BEGIN DATA PROVIDED

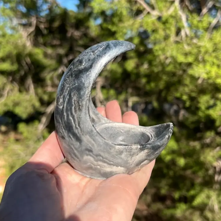 Hand poured concrete with charcoal hues. Can be used for tea light or air plant.
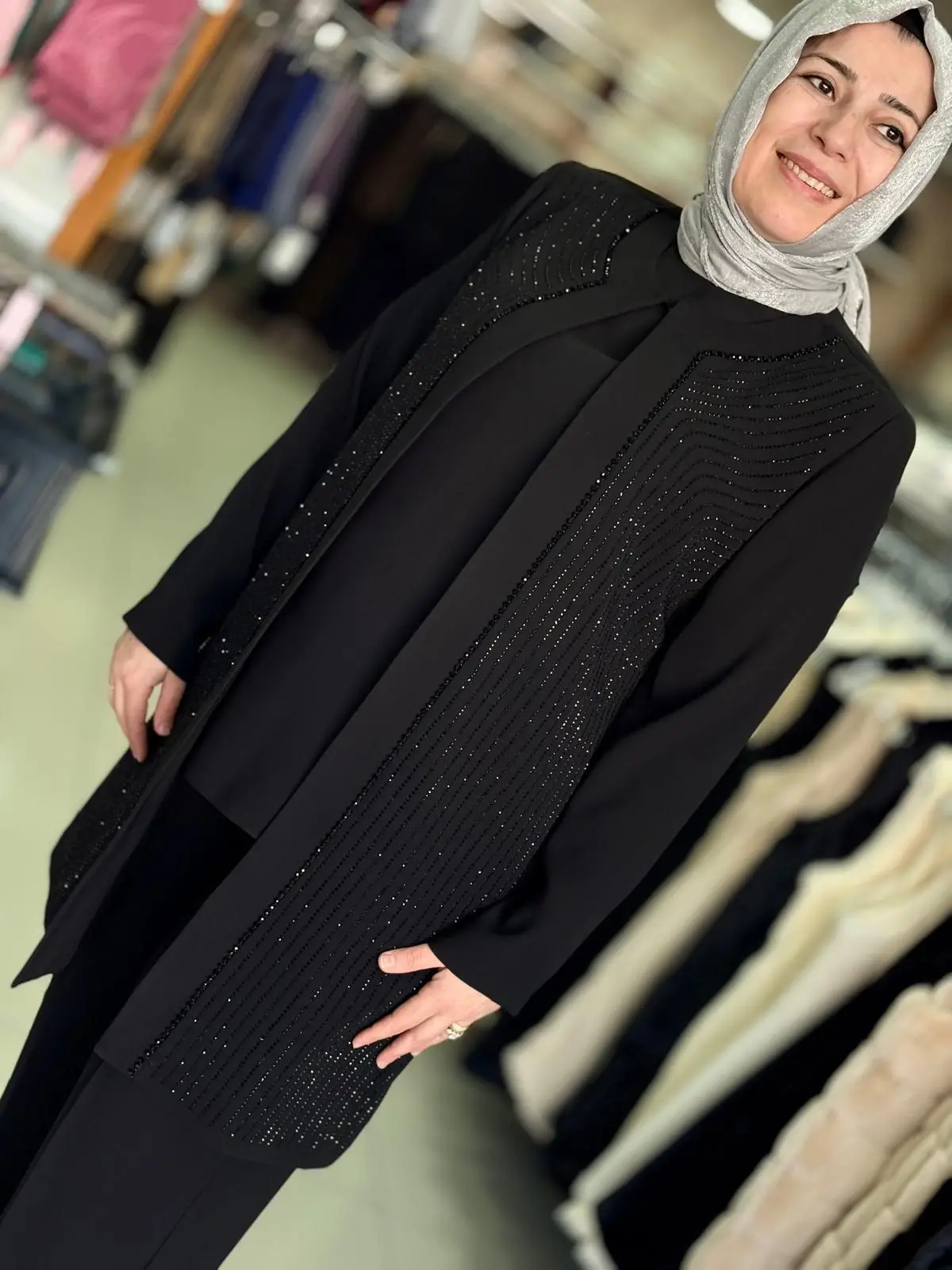 Merihce Tekstil olarak sizlere sunduğumuz GRİMİSS CEKETİ TAŞ İŞLEMELİ ŞIK TAKIM SİYAH, kaliteli malzemelerden üretilmiş olup, şıklığı ve rahatlığı bir araya getiriyor. Giyim tercihlerinizi tamamlayacak bu özel tasarım, her ortamda zarif bir görünüm sunmanızı sağlar.
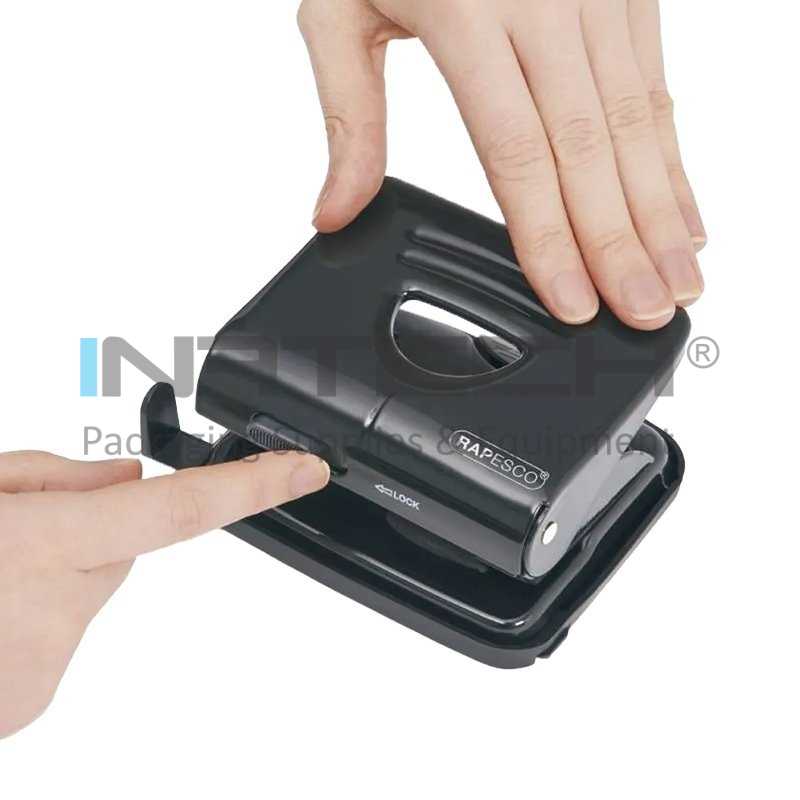 ● Capacitate de perforare de pana la 25 de coli (80 gsm) cu 2 perforatii ● Ghilotine intarite pentru perforare precisa si fara efort ● Baza metalica stabila pentru utilizare sigura ● Tavita din cauciuc pentru confetti, usor de golit ● Rigla de ghidaj ajustabila pentru aliniere corecta si perforare uniforma ● Maner cu sistem de blocare pentru depozitare compacta si sigura ● Fereastra pentru personalizare – utila pentru identificarea rapidaAvantaje Perforator metalic Rapesco, 25 coli, negru
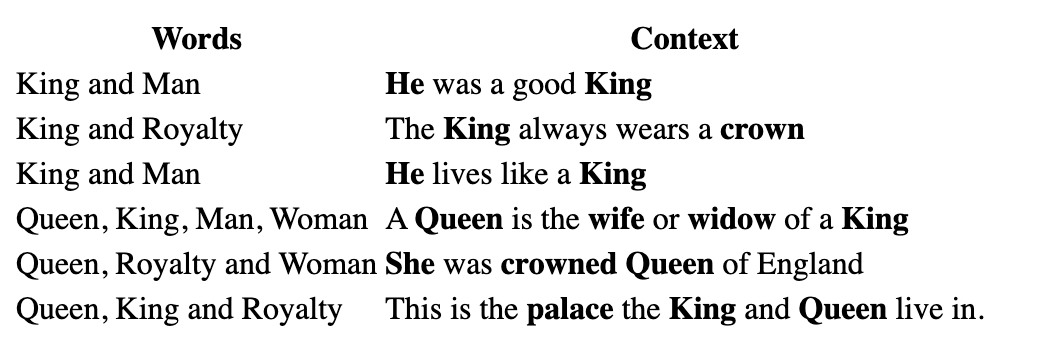 We can see from the table that the words “King”, “Queen”, “Man” and “Woman” are related since they often appear in the same sentences. While we might not explicitly use “Man” or “Woman” we get the context with words like “he” or “she” or “wife” and “husband”. All of this context provides clues as to how each word is related to each other.

END DATA PROVIDED

§ WHAT IS NEEDED
From the first line to the last, retype the data exactly, but omit every image.

§ EXERCISE OUTPUT
 Hand poured concrete with charcoal hues. Can be used for tea light or air plant.
 Merihce Tekstil olarak sizlere sunduğumuz GRİMİSS CEKETİ TAŞ İŞLEMELİ ŞIK TAKIM SİYAH, kaliteli malzemelerden üretilmiş olup, şıklığı ve rahatlığı bir araya getiriyor. Giyim tercihlerinizi tamamlayacak bu özel tasarım, her ortamda zarif bir görünüm sunmanızı sağlar.
 ● Capacitate de perforare de pana la 25 de coli (80 gsm) cu 2 perforatii ● Ghilotine intarite pentru perforare precisa si fara efort ● Baza metalica stabila pentru utilizare sigura ● Tavita din cauciuc pentru confetti, usor de golit ● Rigla de ghidaj ajustabila pentru aliniere corecta si perforare uniforma ● Maner cu sistem de blocare pentru depozitare compacta si sigura ● Fereastra pentru personalizare – utila pentru identificarea rapidaAvantaje Perforator metalic Rapesco, 25 coli, negru
 We can see from the table that the words “King”, “Queen”, “Man” and “Woman” are related since they often appear in the same sentences. While we might not explicitly use “Man” or “Woman” we get the context with words like “he” or “she” or “wife” and “husband”. All of this context provides clues as to how each word is related to each other.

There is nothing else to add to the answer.